I found the answer. Laura Lee Fritz has a series of books with C & T Publishing, and I just had a read-through of 250 New Continuous-Line Quilting Designs. In the words of my students, “OMG, I get it!” Within the first couple of pages I knew I could do this. Laura spells it out simply and completely – how to do EVERY single step. From setting up the book itself for easy use to the types of water-soluble stabilizer to transfer of design to actually doing the quilting – there is no question you will feel like you can create every single one of these designs.

It never occurred to me to trace the design. Maybe that is an obvious step to a lot of people, but “free motion” to me means free-hand. Not so. Here’s what Laura says:

“If you aren’t ready to make the leap into free-motion quilting, there are simple steps to follow to transfer the designs onto your quilt top. 1. You can trace your designs onto water-soluble stabilizer with a permanent pen (Sharpie and Pilot are good choices) and quilt through it as the topmost layer of your quilt. Try the Solvy stabilizers made by Sulky, or Dissolve from Superior Threads, as they really do wash out of the cloth.” (page 4).

There was such a moment of a-ha for me. So that’s how you do it.

Here’s a really important note that makes a lot of sense to me, given the work I’ve done with dyslexic students and my readings on brain research.

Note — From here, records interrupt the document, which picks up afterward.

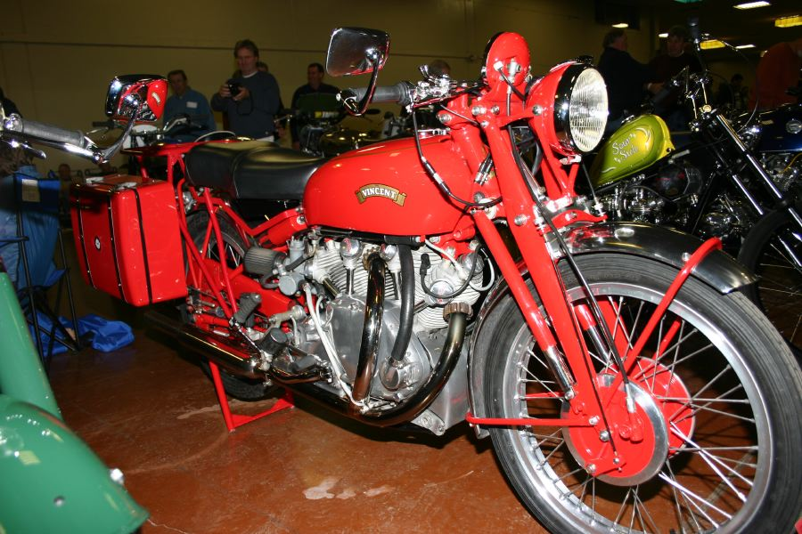 Summary Photo by Robert Stokstad.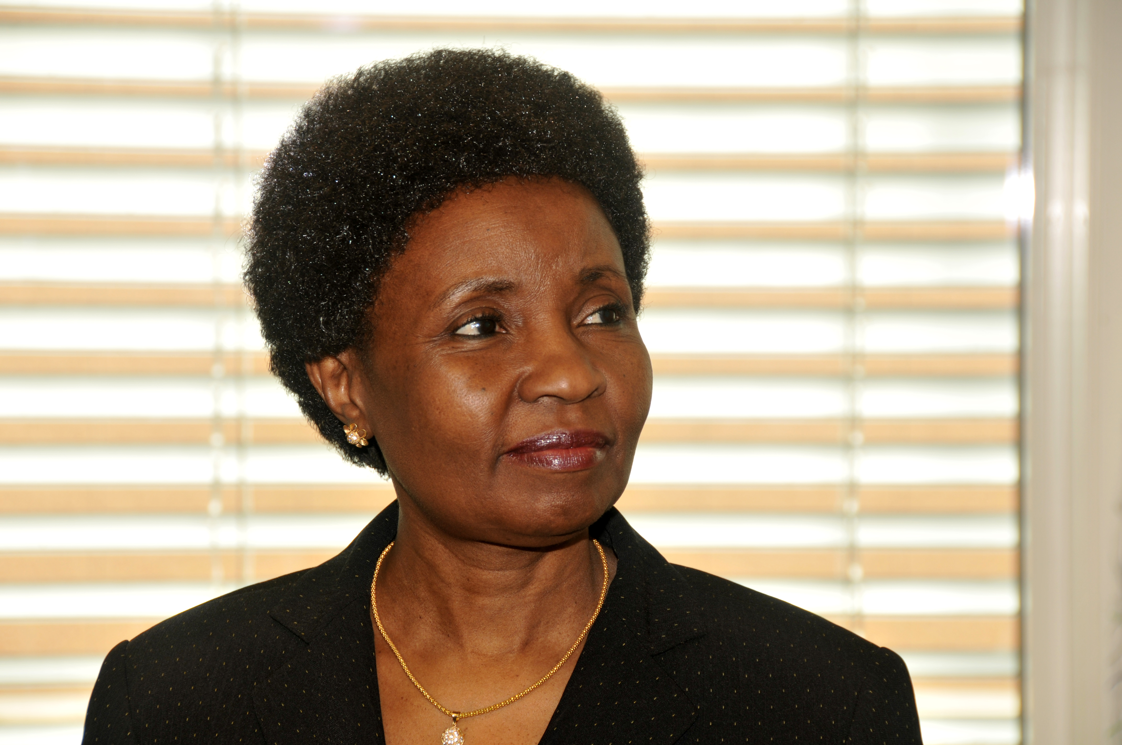 Deputy Secretary General of the UN, Asha-Rose Migiro.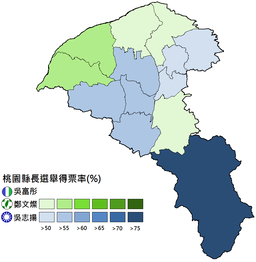 Taoyuan magistrate election 2009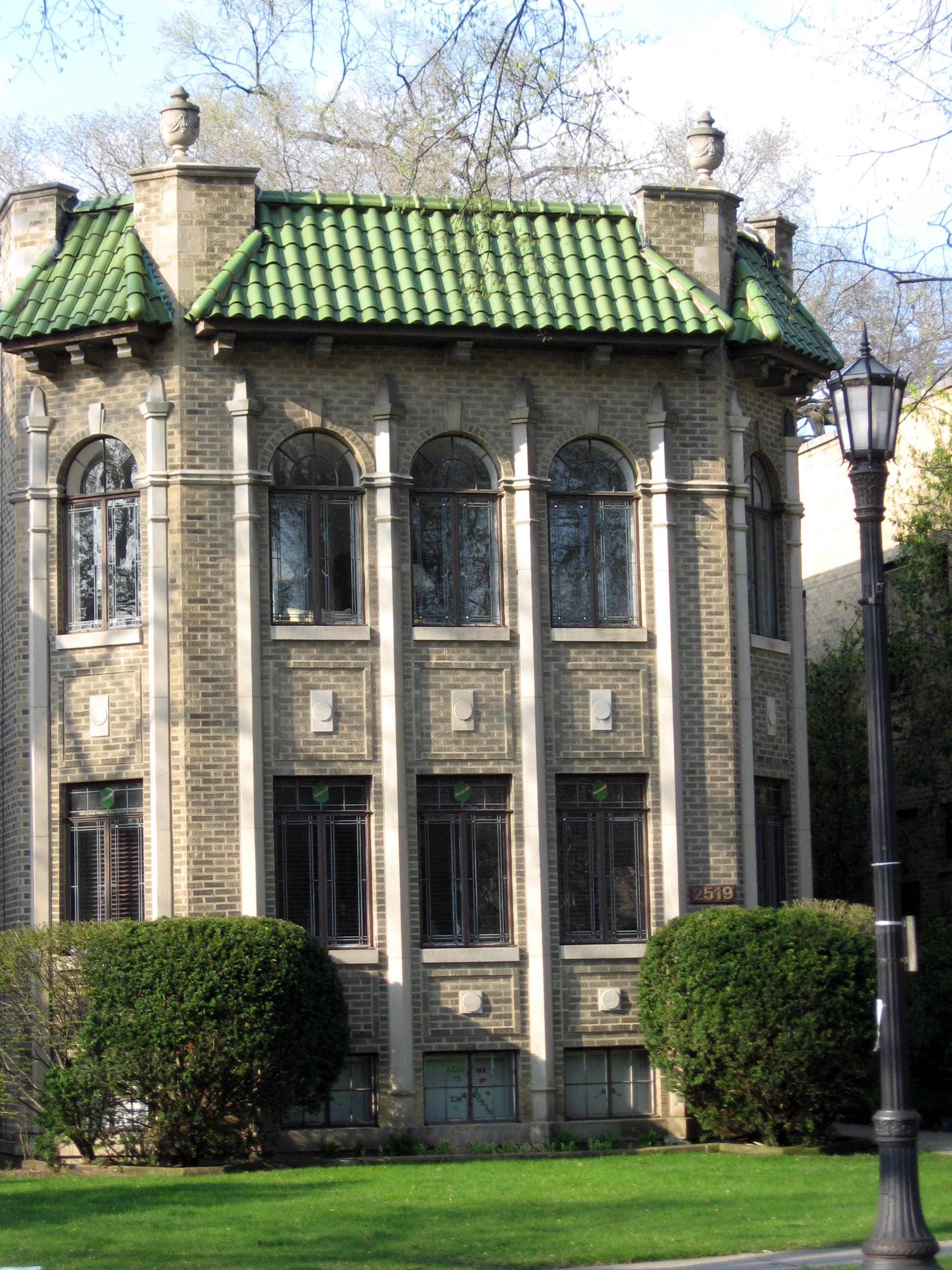 2519 Central St Evanston, IL 60201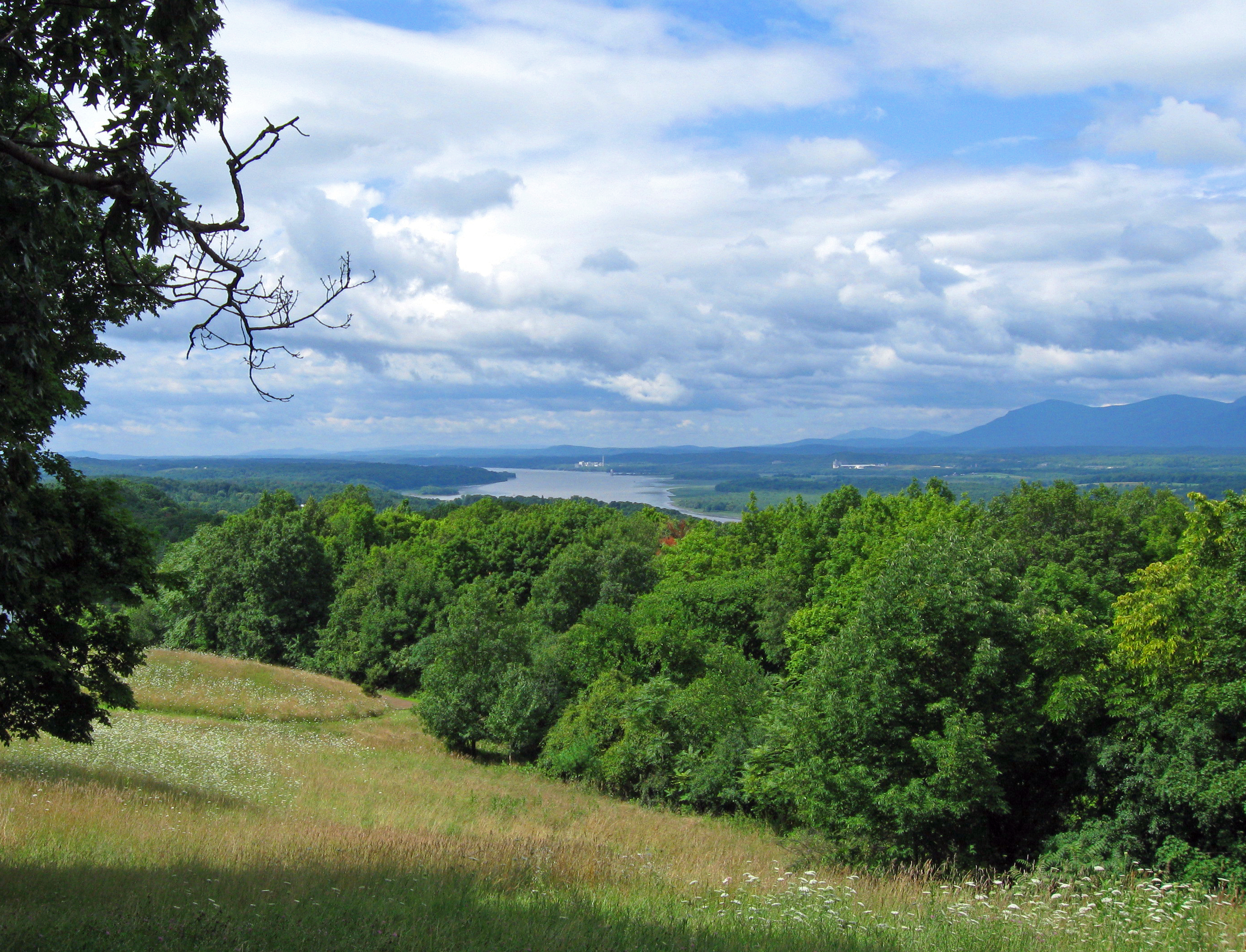 View of Hudson River and Catskills from Olana, home of Hudson River School artist Frederick Church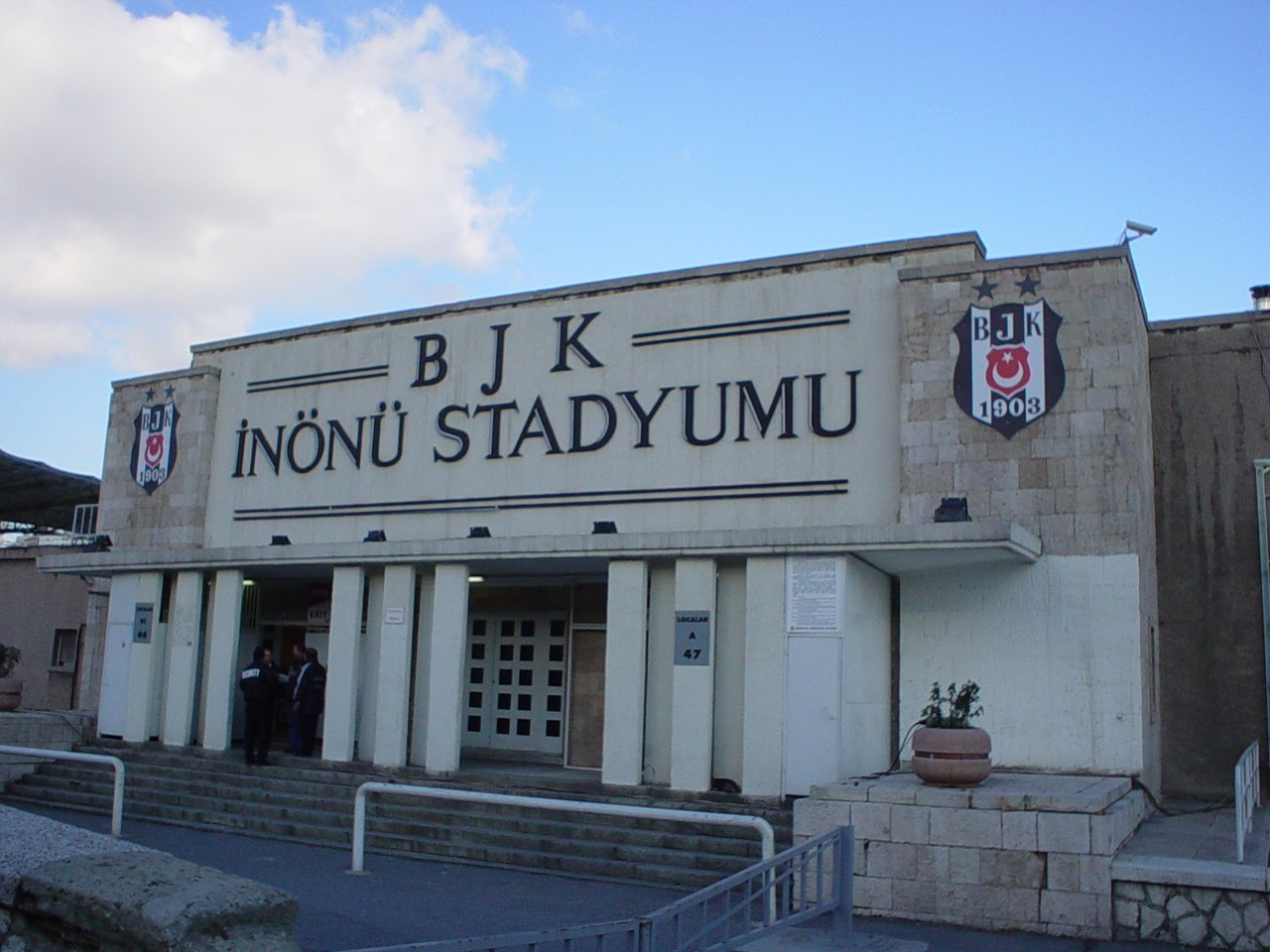 Taken in January, 2005 by myself.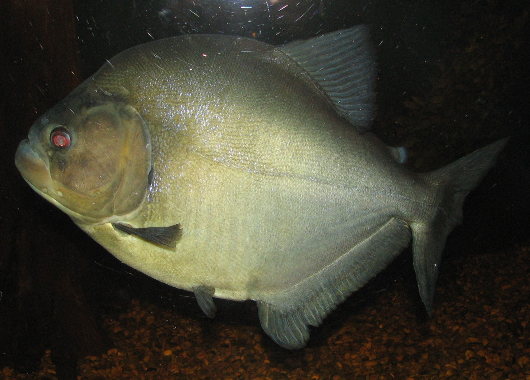 Black Pirahna Serrasalmus rhombeus at the Louisville Zoo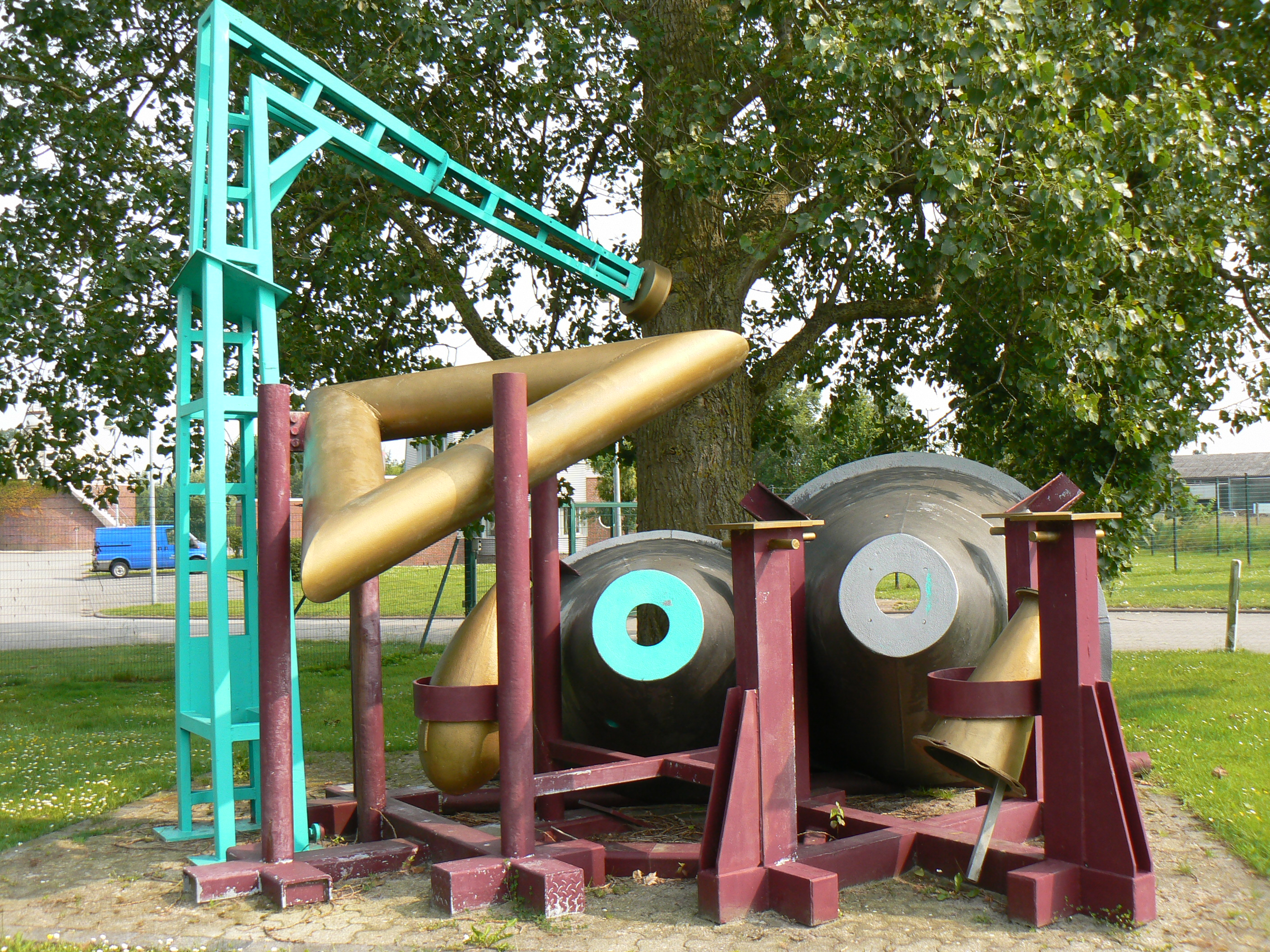 Sculpture D.L.Thompson in Wittmund/Germany

“Begin by tracing the designs with your fingertips or a pencil to practice the paths, and you will learn to stitch many of them free-hand. This tracing makes the pattern a physical memory and helps you quilt more smoothly.” (page 8) Muscles have memory, and I need to practice moving the paper design as though it were cloth, to help train my fingers and eyes just where I need to go. This one sentence tells me Laura really understands this process.

As for the designs, Laura has the following sections: Globe Trotting, Scrolls and Angles, Wilderness, Oldtime Cowboys, Heroic Moments, Wetlands, Baseball, and Edge of Town. I’m looking at the headings, thinking “no way.” Turns out there is at least one design in each section that I could incorporate without really even thinking about it.

This is an excellent resource for both beginning and intermediate quilters, on a domestic or long-arm machine. I would think, if I still did hand quilting, that this would really free up design for me. I strongly recommend this book for your library.

PS – in accordance with FTC guidelines, I need to tell you I received a free e-book of this title, with the condition that I would write  a review. Viewers of my blog know that I am honest and wouldn’t do anything that would lead you astray in books or materials. My reviews are from the heart and meant to be helpful.